Don’t get me wrong, these were happy days. But always on the fringe, lurking close by was the “Mature Scaredom” that I had morphed into, because my perpetual state of fright had simply been enhanced by Father Time.

What if I couldn’t help him with his studies? What if he suffered from low self esteem because he hated his red hair, or his ears or his bucked teeth? What if he were riding with this 22-year old babysitter (who was also a registered nurse) and they had a car accident? What if he choked on a lifesaver?
It occurred to me as I was sitting at his 8th grade graduation, literally biting my lip until it bled, that I might be reaching the stage of “Obsessive Scaredom.” Perhaps, I might need a counselor. Or medication. Or both. Because I’m sure as parents of pre-high school kids know, “Obsessive Scaredom” is only replaced by “Mild-Insane-Constant-Mature-Obsessive Scaredom.”

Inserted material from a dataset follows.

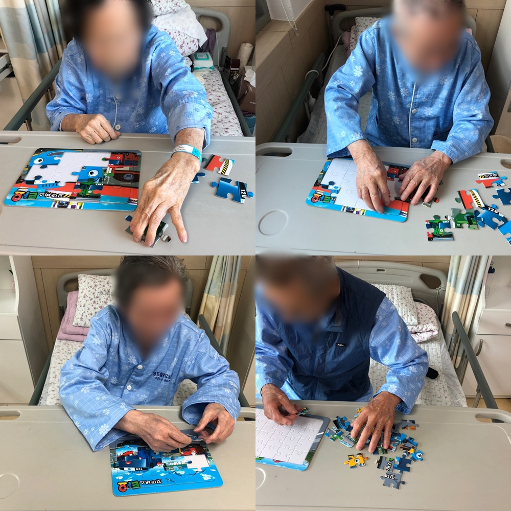 인지치료 - 퍼즐 본문 2020년 01월 20일 인지치료로 퍼즐 맞추기를 하였습니다. 퍼즐 맞추는 것을 어려워하지 않고 어디에 퍼즐 조각이 들어갈지 생각하며 즐거워 하셨습니다 ^^ 다음에는 난이도가 더 높은걸로 부탁한다며 허허 웃으셨습니다 ~~ 이전글 목록 다음글

What if he has a wreck? What if a girl breaks his heart? What if he gets hurt on the field? What if he licks his butter knife when he’s on a date? What if I don’t like his date? Is this resonating with anybody in the BayouLife nation? Anybody? Or was I just plain nuts?

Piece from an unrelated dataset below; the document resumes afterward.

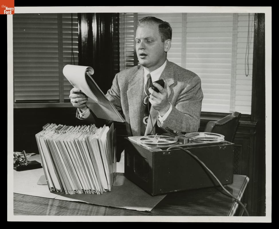 Owen Bombard Working on Oral History Project in Ford Archives at Fair Lane Estate, Dearborn, Michigan, 1953

I’m probably going to get some really strange stares at the grocery store or the ballpark after the publication of this month’s column, but perhaps if I put these “years of fears” (if you think I am going to write a column without at least one rhyme, you are wrong) out there, maybe I would seem less irrational. Because the unmitigated truth is I would go back to every “era of fear” that I have traveled through, if I didn’t have to face the one I do now, and that’s “Broken Scaredom.”

That’s the only way I know to describe this new phase, this new era that is descending upon my home as my son prepares for his senior year. Oh, I know graduation is a year and a half away, but as these blessed 17 years have done, it will fly by like a speeding bullet. And as this transition begins (we just turned in his last school schedule and picked out his senior ring), so does this new branch of anxiety, when he will leave our home to start his life.

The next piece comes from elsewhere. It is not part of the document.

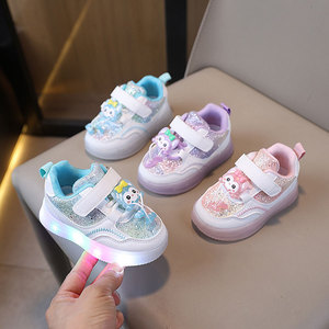亮灯女宝宝鞋子软底婴儿学步鞋女童板鞋男童运动鞋皮面小童公主鞋

As I sat at my desk this month, looking out my window, my eyes welled with tears and my throat felt like it had a horseshoe in it when I swallowed. The struggle was real. My good friend Cyndi Tatum said to me recently that when her daughter got married and moved away, she was unprepared for the profound sadness she would feel, and she was really struggling with the fact that her family’s dynamic would never be the same. Did she use the word struggle? Could there be others out there just like me? As I continued to wallow in my somber mood, I crept back over to my research and began to read.

Honestly, in all these years, it has never dawned on me that there might actually be resources out there to help me manage my fears. Or even though I “co-parent” with some really great friends, that perhaps they suffered from “Scaredom” in much the same way I did. Or finally, could it be that being scared is just part of being a parent? Maybe the intensity of mine has been unhealthy at times, but they don’t give you a book at the hospital with directions on how to raise these kids. Of course it’s scary. If you’ve never been gripped with these fears or anxieties, I applaud you. If you have, as I suspect is the majority, then welcome to the column that has “outed” your struggle.

There are other parents just like you, trying to cope with these same fears. And while I don’t believe I will ever live without some element of “Scaredom” in my life, I appreciate a little better that being a scared parent is a perfectly natural thing, I just need to get a little better at managing it. Perhaps the struggle will be a little less “real.”